Mário Soares viria a ser uma figura central na reconfiguração do tecido económico português, facilitando o regresso dos principais grupos económicos monopolistas que sustentaram o regime fascista. Foi com o seu contributo valioso, como o próprio viria a contar, que os Espírito Santo recuperaram a gestão do banco nacionalizado em 1975: intercedeu, inclusive, junto do presidente francês, François Mitterrand, para que o banco francês Crédit Agricole financiasse esse regresso.

Mas a verdade é que Soares foi determinante para a década cavaquista: quando o primeiro governo, minoritário, de Cavaco cai na Assembleia da República (1987), recusa uma solução alternativa, com uma relação de forças parlamentar onde PS, PRD (de Eanes), PCP e MDP/CDE tinham a maioria dos lugares, com o PSD e o CDS em minoria.

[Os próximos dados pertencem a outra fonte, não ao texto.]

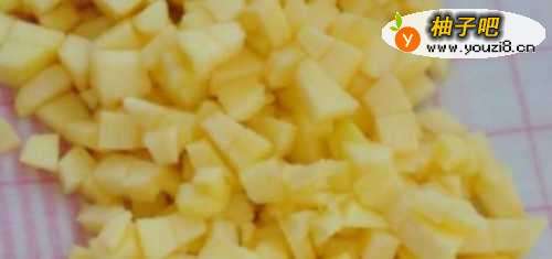 5趁这个空闲时间我们把苹果去核,切成小丁儿。温馨提示:苹果要选择水分少,俗话说面一点的品种,这样在煮的过程中不容易出水,适合烘焙用。

O Presidente dissolveu a Assembleia da República, avançando para legislativas que deram a primeira maioria absoluta a um só partido, ao PSD de Cavaco Silva, que viria a responder ao favor de Soares apoiando-o nas presidenciais de 1991.

1996: a irresistível sedução pelo poder

Sai da Presidência em 1996, revelando a vontade de se dedicar à escrita e à família. Mas o futuro ainda reservava mais dois confrontos políticos em que viria a ser derrotado.

Em 1999, é eleito deputado ao Parlamento Europeu, tentando chegar à sua presidência. Falha a corrida para a francesa Nicole Fontaine, de quem disse ter «um discurso de dona de casa».

Em 2005, apresenta uma terceira candidatura a Presidente da República, com o apoio do seu partido, mas viria a perder para Cavaco Silva.

Desde então, a sua actividade política foi preenchida com a publicação de textos de opinião, intervenções políticas diversas e a participação no Conselho de Estado, de que era membro por inerência.